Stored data
####################
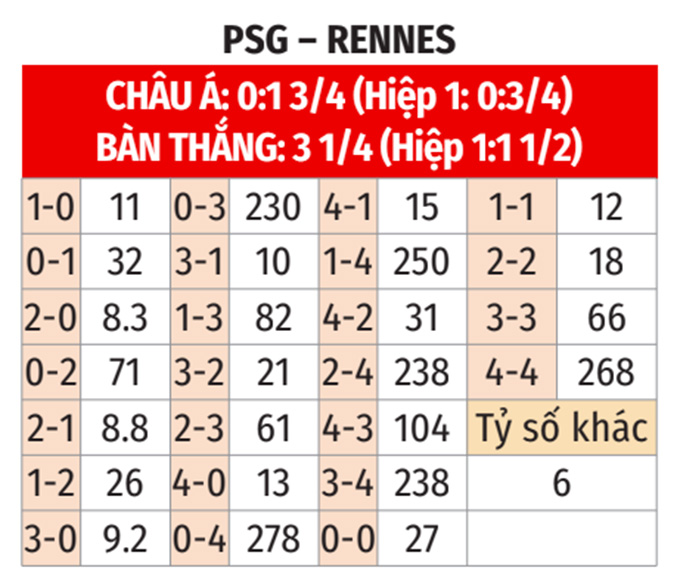 - Rennes thắng theo châu Á: Rennes thắng cả 5 trận gần đây theo châu Á. Họ cũng thắng cả 3 chuyến làm khách vừa qua theo châu Á. Trong khi PSG lại thua 4, hòa 1, chỉ thắng 2 ở 7 trận gần nhất. Vì thế, giới mộ điệu có thể đặt niềm tin vào Rennes ở trận này.
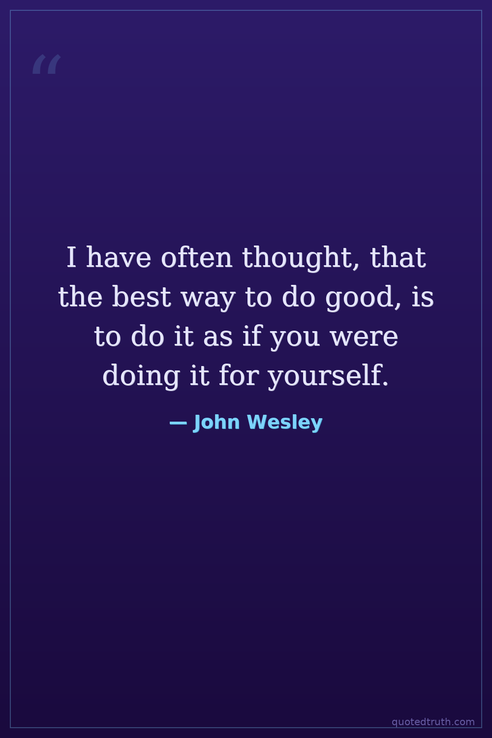 I have often thought, that the best way to do good, is to do it as if you were doing it for yourself.
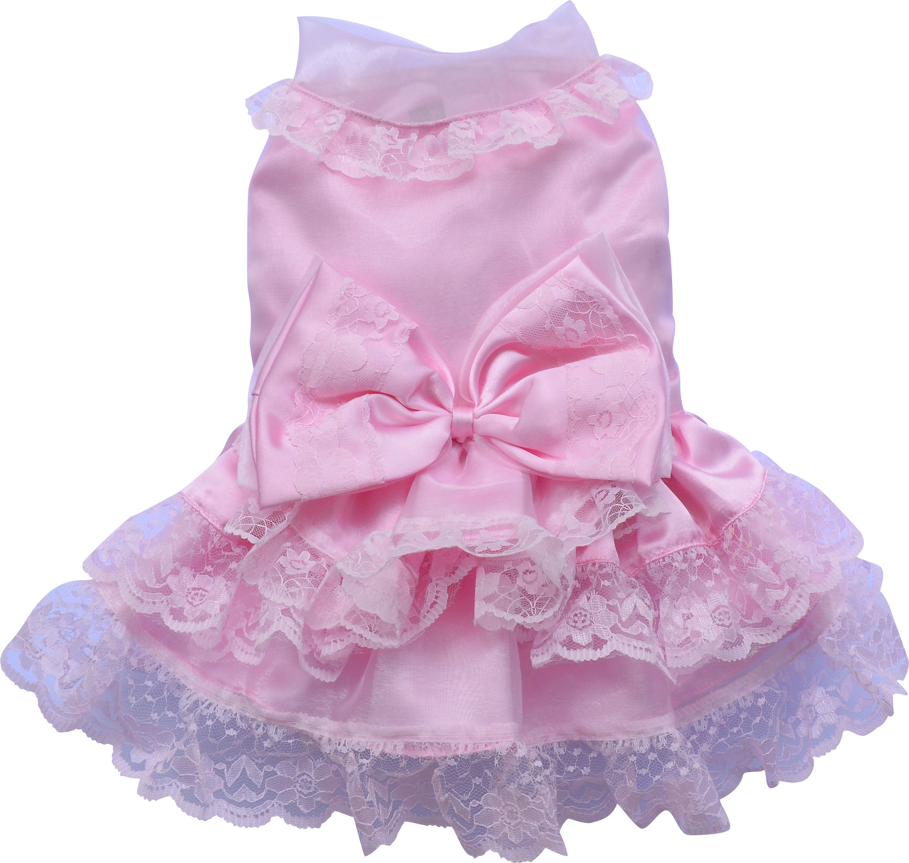 Abitino da matrimonio per cani in organza rosa con balze orlate di pizzo. Grande fiocco in vita e chiusura velcro.
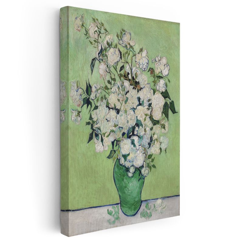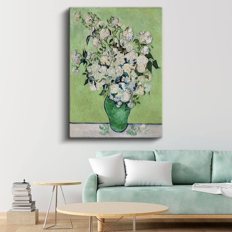 Van Gogh Gülleri - Yeşil Vazoda Beyaz Çiçekler Kanvas Tablo
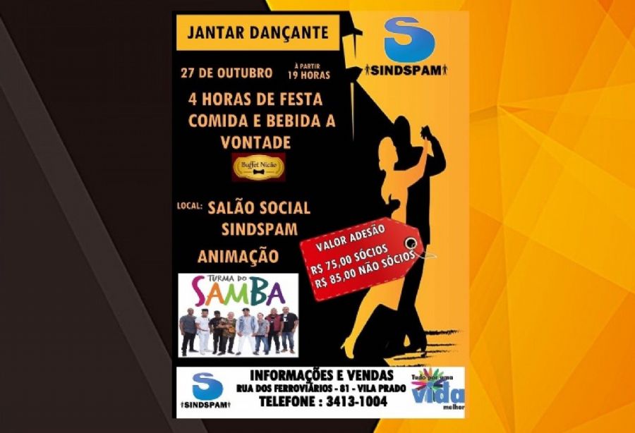 O Sindicato dos Servidores Públicos e Autárquicos Municipais de São Carlos (SINDSPAM) promoverá no próximo dia 27 de outubro (sábado) um sensacional jantar dançante em homenagem ao Dia do Servidor Público Municipal.
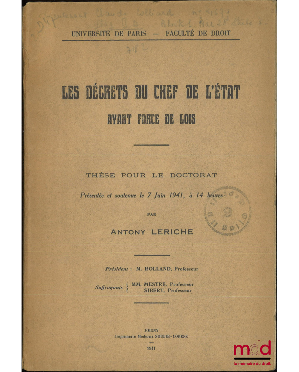LES DÉCRETS DU CHEF DE L’ÉTAT AYANT FORCE DE LOIS, Thèse (Président : M. Rolland ; Suffragants : MM. Mestre et Sibert), Université de Paris - Faculté de droit
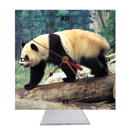 The desk clock features an amazing image of a Panda Bear on a 6 inch square ceramic tile.  The Panda Bear desk clock is attached to a clear acrylic stand allowing the clock to sit on a desk, shelf, mantle or anywhere around the house.  It makes a great gift for a bear lover!  The clock is 7 inches high and 6 inches wide.
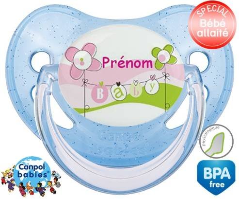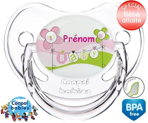 Tetine personnalisee pour bébé Baby rose fleurs + prénom à embout Physiologique en silicone de la marque Canpol Babies avec impression en en Couleurs de la collection Prénom personnalisé.La silicone se reconnaît par sa couleur transparente. C'est une matière souple, douce, sans goût ni odeur et offre à bébé une succion plus facile grâce à sa souplesse.
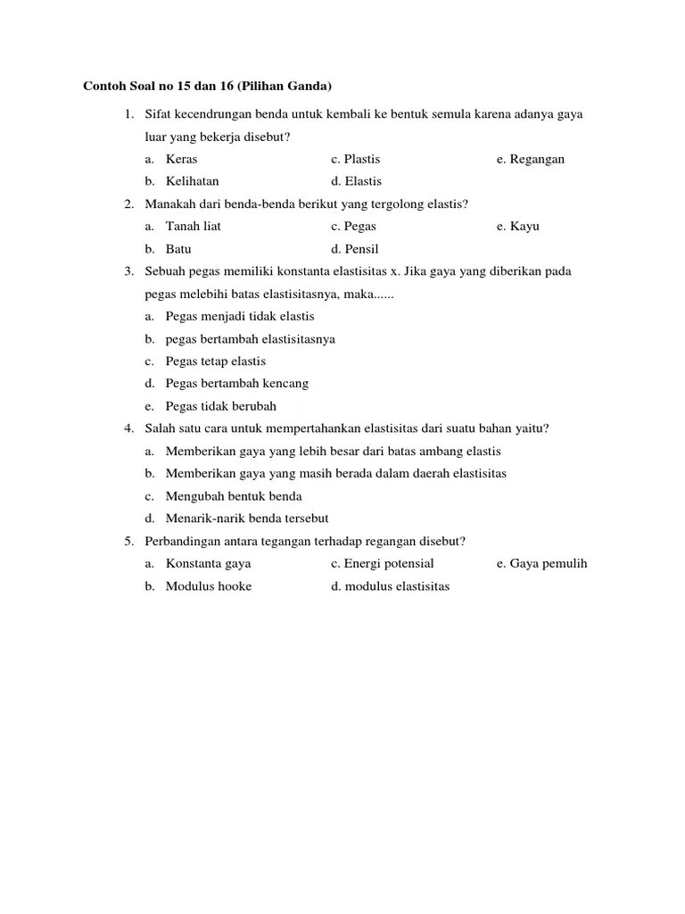 23+ Contoh Soal Konstanta Elastisitas. Konstanta pegas tetap dan pertambahan panjang pegas menjadi 2 kali semula . Rumusrumus.com kali ini akan membahas tentang elastisitas pada . Contoh soal rangkaian seri dan paralel beserta jawabannya (a) tentukan . Dapatkan ringkasan materi, contoh soal mengenai elastisitas dilengkapi dengan. Rumus elastisitas fisika dan contoh soal elastisitas fisika. Perhatikan grafik hubungan antara gaya (f) terhadap pertambahan panjang (δx) berikut! Fisika sma kelas xihukum hooke, susunan pegas, dan energi potensial pegas merupakan salah satu materi dari bab elastisitas yang ada di . Manakah yang mempunyai konstanta elastisitas terbesar ? Berapakah konstanta pegas dan panjang pegas ketika ditarik gaya sebesar 45. Tiga pegas identik dengan konstanta pegas 6 n/cm dirangkai seperti gambar berikut.
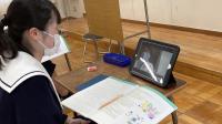 班ごとに防災士さんについていただきながら、通学路や周辺の公園や裏山などをじっくりと探索。日頃何気なく通っている道ですが、防災を意識した目線で見ると、思いがけないところに多くの危険個所が見つかりました。iPadで写真を撮りながら、状況を地図に記録したものを、防災士さんと意見を交換しながら整理しました。
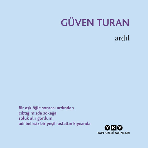Günümüz şiirinin ustalarından Güven Turan’ın altı yıl aradan sonra yeni şiir kitabı “Ardıl” Yapı Kredi Yayınları’ndan çıktı. “Mukaddime” adlı uzun bir şiirle başlayan kitap, Güven Turan şiirinin bütün özelliklerini taşıyor.
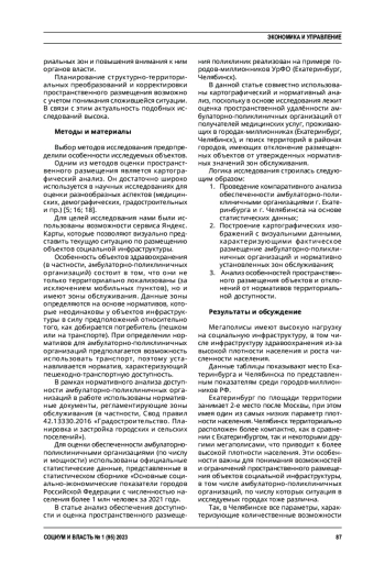 Методы. Теоретической и методологической основой исследования являются научные представления в области региональной экономики, пространственного и нормативного анализа. Научная новизна исследования заключается в оценке обеспеченности и насыщенности территорий амбулаторно-поликлиничными организациями, в контексте особенностей их пространственного размещения с учетом установленных нормативных требований.
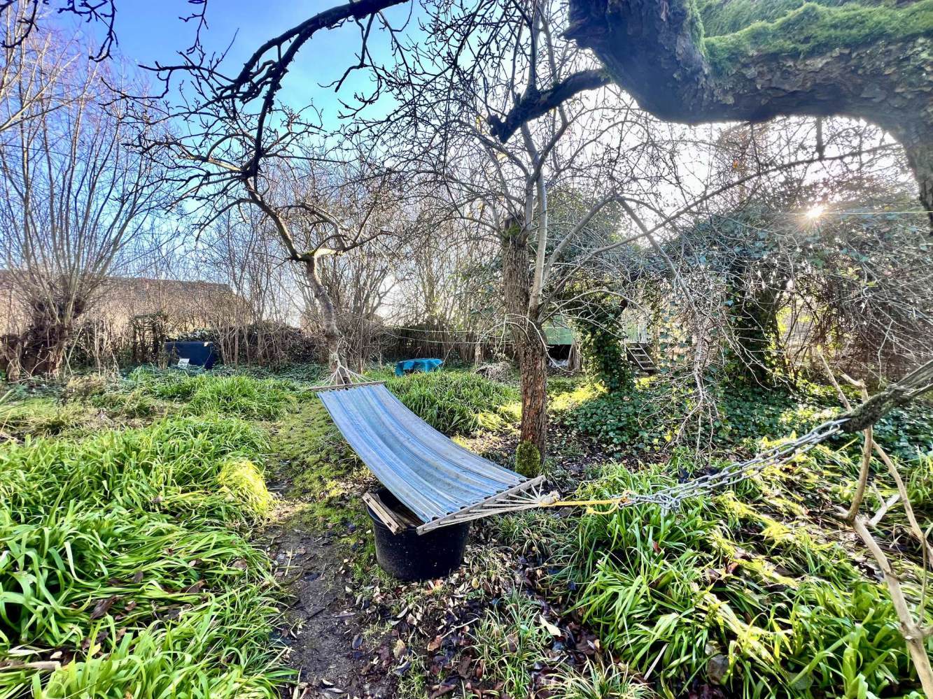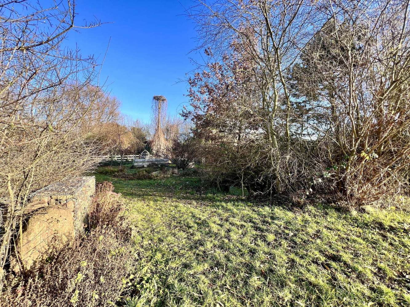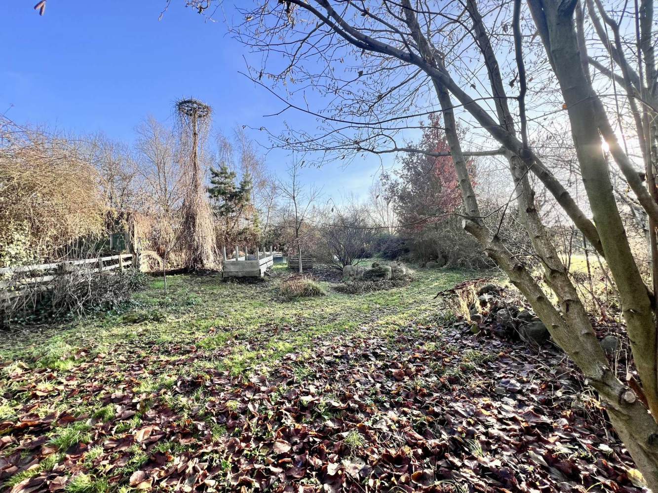 Der etwas kleinere Teil des Grundstücks mit ca. 1.200 m² ergänzt das Ensemble ideal. Hier befindet sich ein von wildem Wein überwucherter Stamm mit einem Storchennest, drei kleine Eichen, zwei Nussbäume sowie zentral ein malerischer Quittenbaum und ein junger Pfirsichbaum. Aktuell sind drei Hochbeete angelegt.
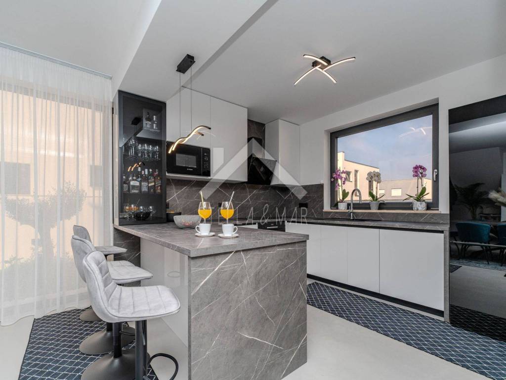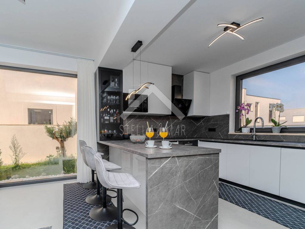 Luxusvilla mit Pool zum Verkauf in Privlaka in der Nähe von Zadar. Gebaut im Jahr 2024. Auf der Grundstücksfläche von 359 m2 beträgt die Wohnfläche des Gebäudes 198,80 m2. Das Haus ist geräumig und bietet einen herrlichen Blick auf das Meer, Velebit und die Insel Vir.
####################
EXERCISE DESCRIPTION: Please reproduce each entry exactly as given and omit the pictures.

OUTPUT BELOW:
 - Rennes thắng theo châu Á: Rennes thắng cả 5 trận gần đây theo châu Á. Họ cũng thắng cả 3 chuyến làm khách vừa qua theo châu Á. Trong khi PSG lại thua 4, hòa 1, chỉ thắng 2 ở 7 trận gần nhất. Vì thế, giới mộ điệu có thể đặt niềm tin vào Rennes ở trận này.
 I have often thought, that the best way to do good, is to do it as if you were doing it for yourself.
 Abitino da matrimonio per cani in organza rosa con balze orlate di pizzo. Grande fiocco in vita e chiusura velcro.
 Van Gogh Gülleri - Yeşil Vazoda Beyaz Çiçekler Kanvas Tablo
 O Sindicato dos Servidores Públicos e Autárquicos Municipais de São Carlos (SINDSPAM) promoverá no próximo dia 27 de outubro (sábado) um sensacional jantar dançante em homenagem ao Dia do Servidor Público Municipal.
LES DÉCRETS DU CHEF DE L’ÉTAT AYANT FORCE DE LOIS, Thèse (Président : M. Rolland ; Suffragants : MM. Mestre et Sibert), Université de Paris - Faculté de droit
 The desk clock features an amazing image of a Panda Bear on a 6 inch square ceramic tile.  The Panda Bear desk clock is attached to a clear acrylic stand allowing the clock to sit on a desk, shelf, mantle or anywhere around the house.  It makes a great gift for a bear lover!  The clock is 7 inches high and 6 inches wide.
 Tetine personnalisee pour bébé Baby rose fleurs + prénom à embout Physiologique en silicone de la marque Canpol Babies avec impression en en Couleurs de la collection Prénom personnalisé.La silicone se reconnaît par sa couleur transparente. C'est une matière souple, douce, sans goût ni odeur et offre à bébé une succion plus facile grâce à sa souplesse.
 23+ Contoh Soal Konstanta Elastisitas. Konstanta pegas tetap dan pertambahan panjang pegas menjadi 2 kali semula . Rumusrumus.com kali ini akan membahas tentang elastisitas pada . Contoh soal rangkaian seri dan paralel beserta jawabannya (a) tentukan . Dapatkan ringkasan materi, contoh soal mengenai elastisitas dilengkapi dengan. Rumus elastisitas fisika dan contoh soal elastisitas fisika. Perhatikan grafik hubungan antara gaya (f) terhadap pertambahan panjang (δx) berikut! Fisika sma kelas xihukum hooke, susunan pegas, dan energi potensial pegas merupakan salah satu materi dari bab elastisitas yang ada di . Manakah yang mempunyai konstanta elastisitas terbesar ? Berapakah konstanta pegas dan panjang pegas ketika ditarik gaya sebesar 45. Tiga pegas identik dengan konstanta pegas 6 n/cm dirangkai seperti gambar berikut.
 班ごとに防災士さんについていただきながら、通学路や周辺の公園や裏山などをじっくりと探索。日頃何気なく通っている道ですが、防災を意識した目線で見ると、思いがけないところに多くの危険個所が見つかりました。iPadで写真を撮りながら、状況を地図に記録したものを、防災士さんと意見を交換しながら整理しました。
Günümüz şiirinin ustalarından Güven Turan’ın altı yıl aradan sonra yeni şiir kitabı “Ardıl” Yapı Kredi Yayınları’ndan çıktı. “Mukaddime” adlı uzun bir şiirle başlayan kitap, Güven Turan şiirinin bütün özelliklerini taşıyor.
 Методы. Теоретической и методологической основой исследования являются научные представления в области региональной экономики, пространственного и нормативного анализа. Научная новизна исследования заключается в оценке обеспеченности и насыщенности территорий амбулаторно-поликлиничными организациями, в контексте особенностей их пространственного размещения с учетом установленных нормативных требований.
 Der etwas kleinere Teil des Grundstücks mit ca. 1.200 m² ergänzt das Ensemble ideal. Hier befindet sich ein von wildem Wein überwucherter Stamm mit einem Storchennest, drei kleine Eichen, zwei Nussbäume sowie zentral ein malerischer Quittenbaum und ein junger Pfirsichbaum. Aktuell sind drei Hochbeete angelegt.
 Luxusvilla mit Pool zum Verkauf in Privlaka in der Nähe von Zadar. Gebaut im Jahr 2024. Auf der Grundstücksfläche von 359 m2 beträgt die Wohnfläche des Gebäudes 198,80 m2. Das Haus ist geräumig und bietet einen herrlichen Blick auf das Meer, Velebit und die Insel Vir.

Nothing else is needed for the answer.